D dynamic arrays are more flexible than C++ vector, they can be sliced, such slicing is O(1), and the slices are seen by the language just like other arrays. So you pay the price of some performance for such increased flexibility. The idea here is that the built-in data types must be as flexible as possible even if their performance is not so high, so they can be used for many different purposes. Then D standard library will have specialized data structures that are faster thanks to being more specialized and less flexible. In D dynamic arrays some of the performance price is also paid for the automatic memory management, for the GC that's not a precise GC (for example if your array has some empty items at the end past its true length, the GC must ignore them).

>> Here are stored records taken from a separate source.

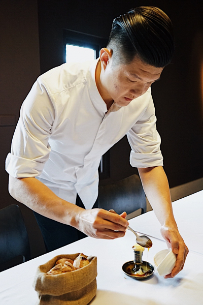 或許是基因註定,Jimmy從小就會做菜,雖然一度想當籃球員,但受傷後他就選擇廚藝之路。他回憶十八歲時,跟著朋友去看調酒比賽,看見比賽用的料理,怎麼跟自家餐廳端出的一大盤食物不一樣,好似另一個境界,好吸引他。當完兵後,他因而進入新加坡的烹飪學校「SHATEC」就讀,栽進fine dining的世界裡。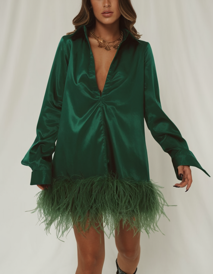 This vibrant emerald green satin mini dress features a plunging neckline and long sleeves for a bold yet refined look. The feather-trimmed hemline adds texture and drama, making it ideal for spring party outfit 2025 ideas. Perfect for night chic occasions, this dress balances elegance and playful sophistication.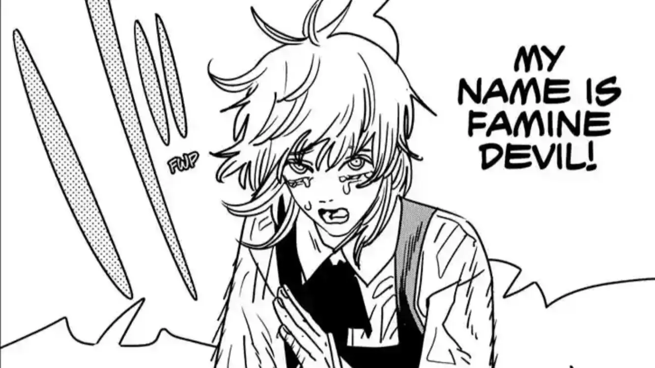 She then said that she was the one who absorbed life and saved people from suffering, revealing that she was in fact one of the four horsemen: Famine Devil, but she asked the other devil to call her Fami! Before she could say anything else, the deformed Chainsaw Man asked whether she’s not the Death Devil. Famine tried to say something about the Death Devil, but suddenly, a voice called ‘Falling’, and the two devils dropped to the ground. The Falling Devil, in a chef’s hat, asked if she could take their order. A person standing on top of the school building said ‘Chef’s choice’. We finally see the person’s face, and it’s the old Fami that fans know and love.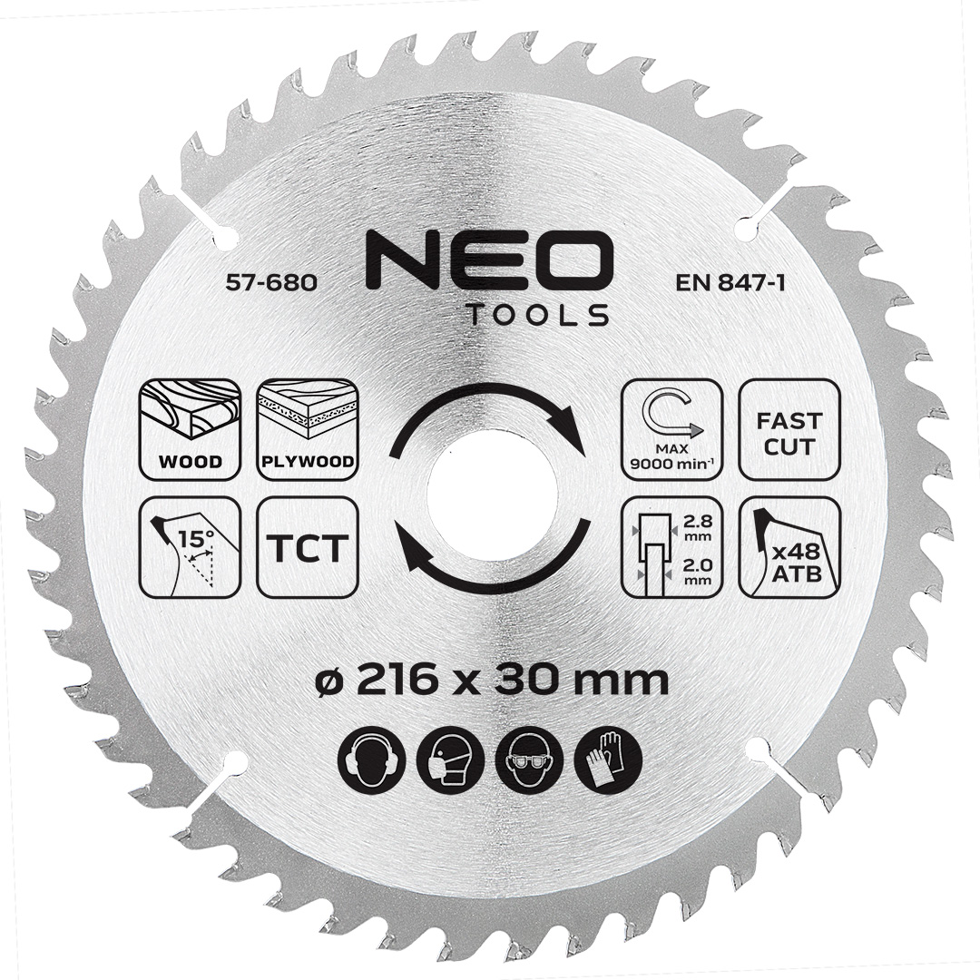 Tarcza do pilarki, widiowa, 216 x 30 mm, 48 zębów 57-680 marki NEO TOOLS wyposażona została w 48 zębów o wymiarach 2,8 mm x 2,0 mm, wykonanych z węglika spiekanego. Ząb ATB, o specjalnej geometrii naprzemianległej, gwarantuje zwiększoną dokładność cięcia. Tarcza marki NEO TOOLS ze stali manganowej MN65 osiąga maksymalną prędkość obrotową do 9 000 obr./min. W zestawie znajdują się trzy pierścienie, umożliwiające redukcje do wymiarów: 30 x 25,4 mm, 30 x 20 mm i 30 x 16 mm. Tarcza NEO TOOLS przeznaczona jest do cięcia drewna, materiałów drewnopochodnych, sklejek, laminatów, MDF. Narzędzie zapewnia szybką i precyzyjną pracę.
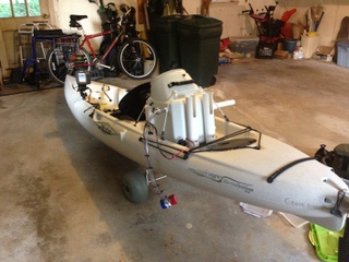 2008 Hobie Revolution Fish Kayak, Mirage pedal drive with New Turbo Fins, V2 Drive, Larger Sailing Rudder, Old style seat (Not Vantage), Humminbird 383c GPS/Fisherfinder, Scotty adjustable rod holder and recessed mount on right side, Removable Livewell with submersible SW pump) (lashes in with shock cord behind seat), Battery in Sealed battery box with 115V recharger, Rod holder , Hobie paddle, Dolly shown in picture NOT included. Kayak has great striper fishing mojo... several 40 to 45 inch stripers caught from this yak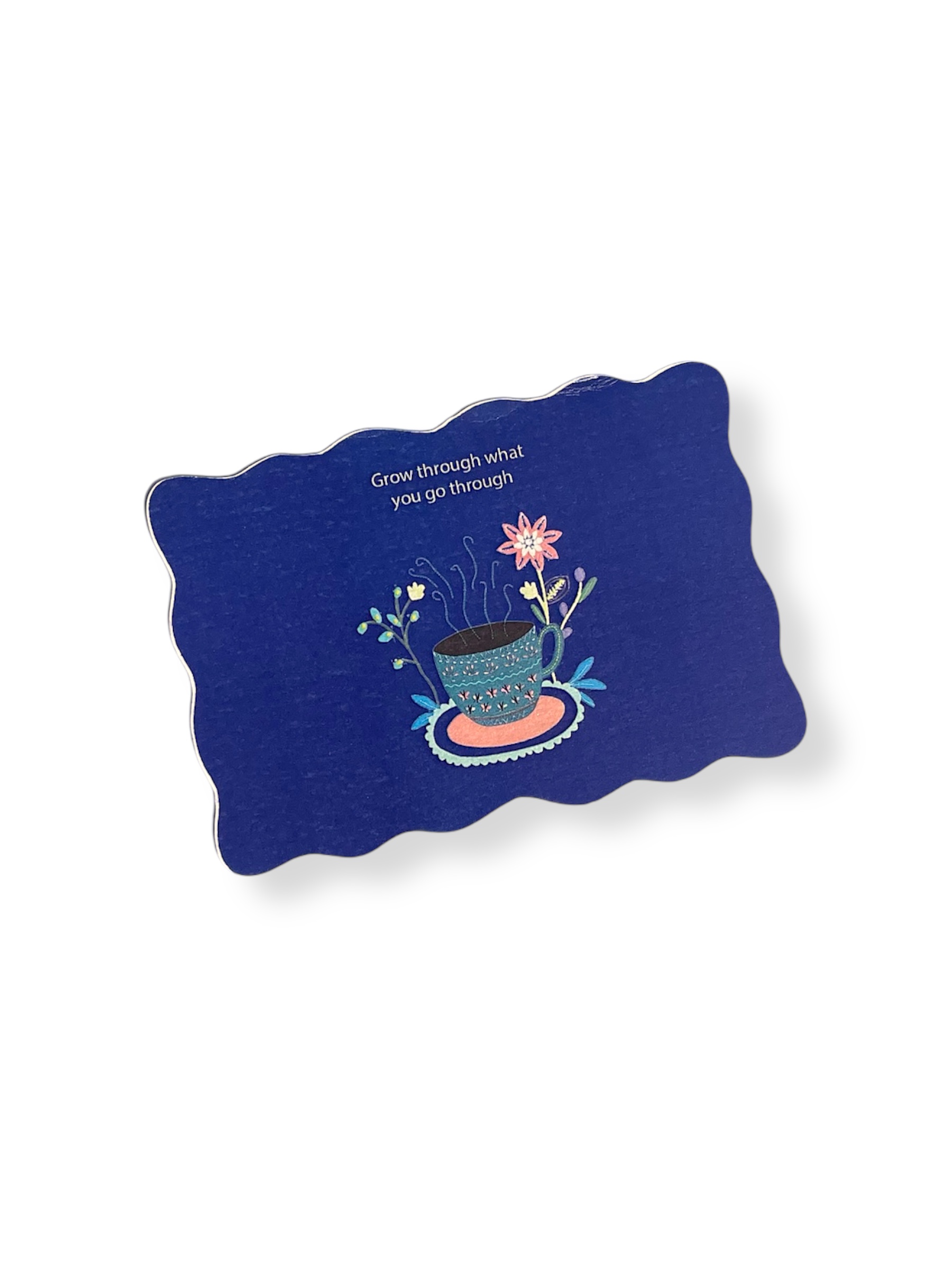 Share encouragement and positivity with this beautifully designed greeting card. Featuring scalloped edges and a deep blue background.

I think D dynamic arrays have a lower append performance because they don't contain the capacity in a handy place (their new design has a capacity, but it's not beside length and pointer). I don't know how the D array append works in situations of multithreading. If you don't require the slicing flexibility, you can use D language to implement a C++-style Vector in D. If you implement a struct that contains capacity, length and pointer to data, and you don't let the GC scan the memory of the data, and you add method overloading for the ~= that doubles the size of the memory with a realloc once in a while, you probably have a performance similar to the C++ one (not equal because the performance profile of the GC in allocating memory chunks is a little more complex than the C malloc). See the bottom of this post.

> D also uses about 20% more memory than the C++

I don't know why, I presume it's caused by the GC bookkeeping, it must be careful to avoid memory fragmentation. Currently the D GC is not so refined.

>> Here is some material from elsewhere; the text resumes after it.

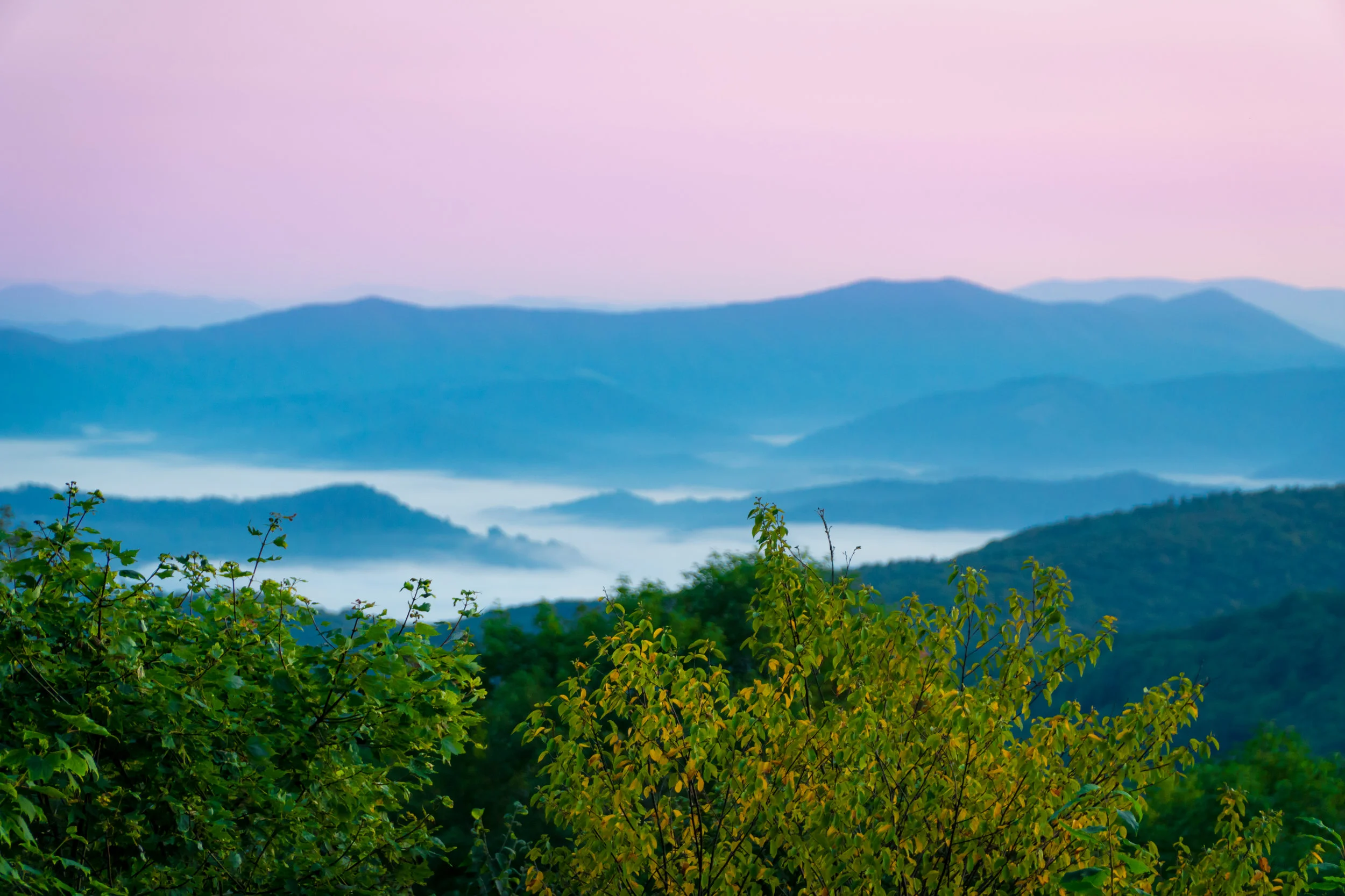 mountains, sunrise, trees, forest, clouds, beech mountain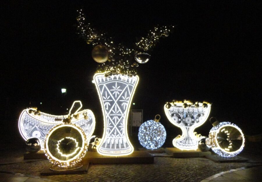 Stoją również zabawne figury w kręgach, oświetlone wielobarwnymi lampkami.

> Using an Appender class and put() (from std.array) is even slower,
> despite the std.array docs recommending this over ~. :-(

That was useful and designed for the precedent design of the dynamic arrays. Maybe it can be removed from Phobos now...

> It's disappointing because I'm loving so much of D's syntax, but I can
> write far more efficient code (with less explicit memory management)
> in C++ ...

As you know all data structures are the result of compromises, they are a balance of performance for their different uses, there is no perfect data structure; in practice D arrays are not designed for an efficient "en mass" appending. A D dynamic array is seen locally as a struct of 2 words. So it's cheap to copy and pass around. Why they don't contain the capacity too in such struct is a long story.

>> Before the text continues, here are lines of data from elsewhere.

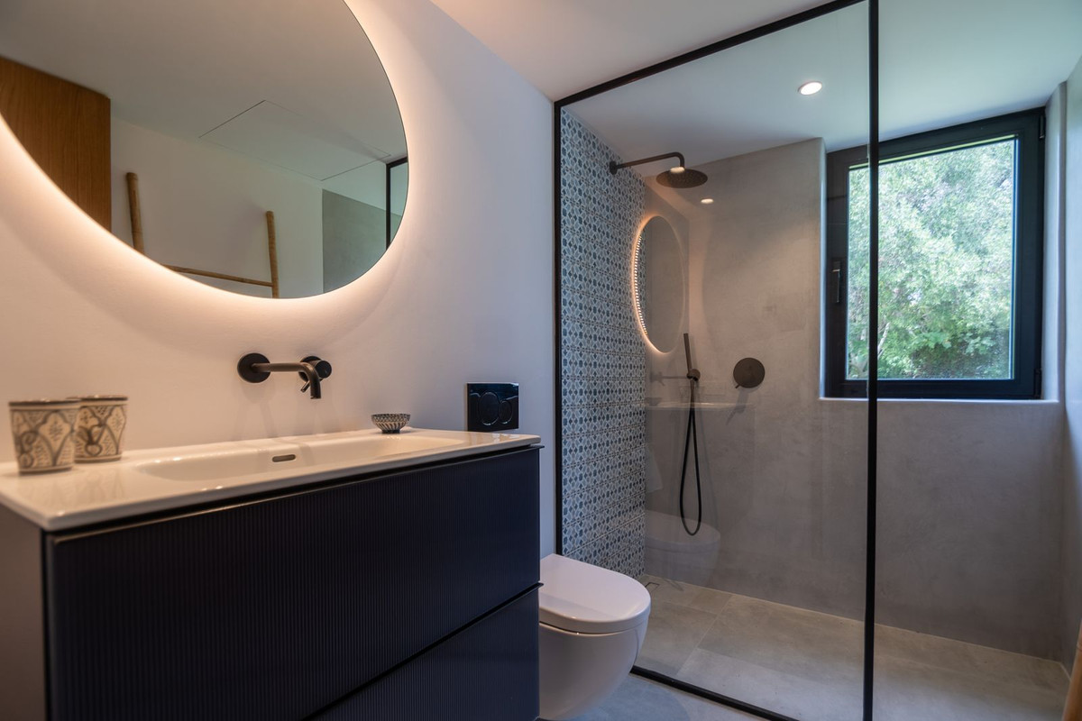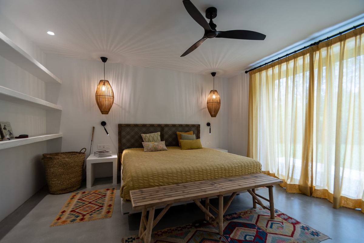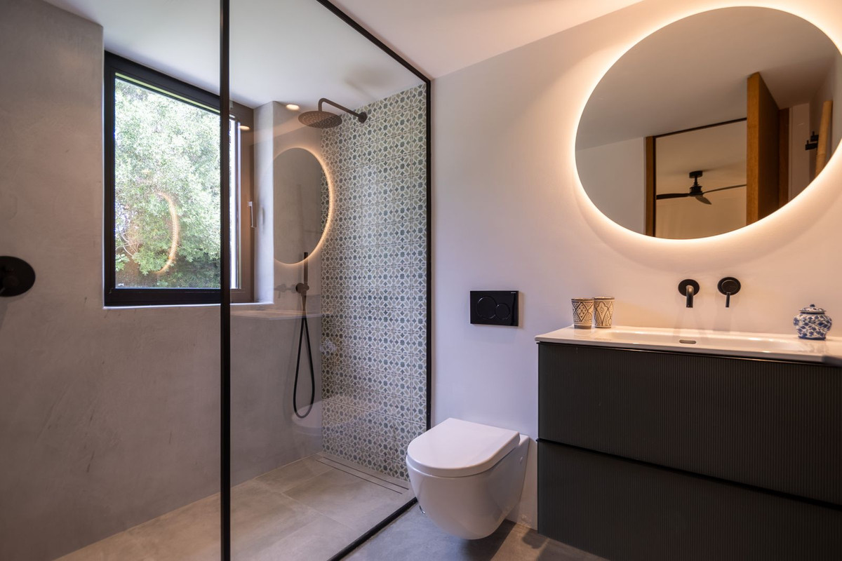 La maison principale comprend 3 chambres avec salle de bains privative, des espaces de vie lumineux, des plafonds à poutres apparentes et des finitions de haute qualité, alliant style andalou et rénovation moderne.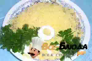 5. Выкладываем в салатник, и украшаем желтками протёртыми на мелкой тёрке.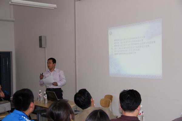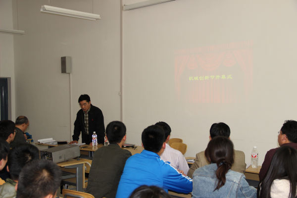 李院长在开幕式中详细说明了机电创新大赛的准备工作及报名须知等事宜,鼓励同学们积极的参与到科技创新中来。随后机械学院团总支书记贺治成介绍了在历届机械创新大赛中的获奖作品以及同学们可以参加的国家级、省级比赛。紧接着,谭继文教授发表讲话,他指出大学生参加科技创新竞赛对提高大学生科技创新意识与能力、促进大学生就业成才具有重要作用,同时提醒在同学们参加科技创新竞赛是比起争取名次更应该注重比赛的过程,并鼓励我院师生在各项活动中再接再厉、勇于创新。
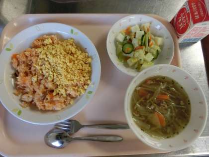 チキンライスたまごぞえ、牛乳、ポテト入りフレンチサラダ、野菜スープ

If you like to write benchmarks you will also find performance difference between for example a C++ hash_map and the built-in associative arrays of D.

Beside the design (that for example can make it hard to implement append-efficient dynamic arrays in D), D language is also rather new still, so far the focus was on its design, not in tuning the performance of its implementation. It's being several years they are performance-tuning C++ implementations :-)

-------------------

Below three implementations in D and C++. The Vector(T) is bare-bones. It missed most features and it's unsafe.

In the D2 version I don't use the GC, and the memory is deallocated when arr gets out of scope.

Timings, T=double, N=5_000_000, NLOOPS=100, seconds:
  D1:  38.20
  D2:   8.32
  C++:  6.65

You can see the performance of the append in D2 is a matter of data structure implementation, it's not a language problem :-)

With LDC (once we'll have a D2 version of it) the performance of D2 can probably be the same as the C++. DMD maybe loses a little here because it's not so good at inlining, or maybe because the C++ vector is better than this D2 code.

-------------------

// First D version
import std.stdio: printf;

void main() {
    alias double T;
    enum int N = 5_000_000;
    enum int NLOOPS = 100;
    T[] arr;

    foreach (i; 0 .. NLOOPS) {
        arr.length = 0;
        arr.assumeSafeAppend;
        printf("Array capacity = %d\n", arr.capacity);

        foreach (uint j; 0 .. N)
            arr ~= j;

        printf("At iteration %u, x has %u elements.\n", i, arr.length);
    }
}

------------------

// Second D version
import std.stdio: printf;
import std.c.stdlib: malloc, realloc, free;

struct Vector(T) {
    enum double FAST_GROW = 2;
    enum double SLOW_GROW = 1.3;
    enum int STARTING_SIZE = 4;
    enum int BIG_MEM = (1 << 27) / T.sizeof;

    T* ptr;
    int length, capacity;

    ~this() {
        free(ptr);
        ptr = null;
        length = 0;
        capacity = 0;
    }

    void opOpAssign(string Op:"~=")(T item) {
        if (length >= capacity) {
            if (capacity == 0)
                _grow_capacity(STARTING_SIZE);
            else if (capacity < BIG_MEM)
                _grow_capacity(cast(int)(capacity * FAST_GROW));
            else
                _grow_capacity(cast(int)(capacity * SLOW_GROW));
        }

        ptr[length] = item;
        length++;
    }

    void _grow_capacity(int new_capacity) {
        ptr = cast(T*)realloc(ptr, new_capacity * T.sizeof);
        assert(ptr);
        this.capacity = new_capacity;
    }
}

void main() {
    alias double T;
    enum int N = 5_000_000;
    enum int NLOOPS = 100;
    Vector!T arr;

    foreach (i; 0 .. NLOOPS) {
        arr.length = 0;
        printf("Array capacity = %d\n", arr.capacity);

        foreach (uint j; 0 .. N)
            arr ~= j;

        printf("At iteration %u, x has %u elements.\n", i, arr.length);
    }
}

------------------

// C++ version

#include "stdio.h"
#include <vector>

int main() {
    typedef double T;
    const unsigned int N = 5000000;
    const unsigned int NLOOPS = 100;
    std::vector<T> arr;

    for (unsigned int i = 0; i < NLOOPS; i++) {
        arr.resize(0);
        printf("Array capacity = %d\n", arr.capacity());

        for (unsigned int j = 0; j < N; j++)
            arr.push_back(j);

        printf("At iteration %u, x has %u elements.\n", i, arr.size());
    }
}

Bye,
bearophile